FLRW cosmology as a conformal field theory in one dimension

Over the last decades, a vast set of results have shown that the near horizon region of black holes enjoys an unexpected conformal symmetry, allowing to provide an effective conformal description of the thermodynamical properties of these black holes. Additional surprising conformal structures have been found for test particles propagating on the near horizon region of various black hole spacetimes, allowing to reproduce several crucial features of these compact objects such as their spectroscopy, quasi-normal modes as well as their state counting using conformal field theory (CFT) technics. Just as black hole, cosmological spacetimes admit a thermodynamical interpretation.
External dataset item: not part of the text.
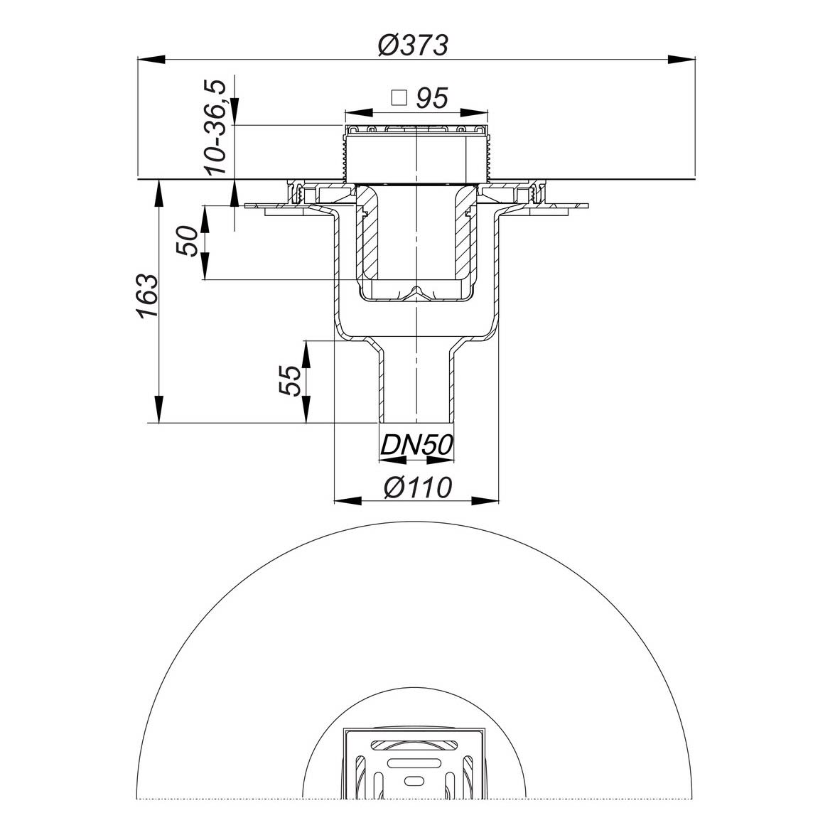 - mit Bauschutzabdeckung und komplett herausnehmbarem, zweiteiligem Geruchs- und Reinigungsverschluss mit 5 cm Sperrwasserhöhe

They are equipped with an entropy and their horizon radiate at a temperature given by their surface gravity. One could naturally wonder whether these thermodynamical properties can also be describe by CFT technics, just as for their black hole cousins. Recently, efforts have been devoted to investigate, from various perspectives, whether cosmological backgrounds exhibit also some hidden conformal symmetry. In this talk, I will show that, indeed, the simplest cosmological model consisting in the homogeneous and isotropic Einstein-Scalar system enjoys a new unexpected conformal symmetry. I will present in detail this symmetry, the new Noether's charges to this hidden conformal invariance and the associated CVH algebra which encodes this structure at the hamiltonian level. Then, I will also show that this cosmological system can be mapped to the so called conformal mechanics of de Alfaro, Fubini and Furlan, which provides the simplest example of a conformal field theory in 1d. Finally, I will discuss the consequences of this new conformal structure at the quantum level and how the standard form of the CFT two points function emerge in quantum cosmology.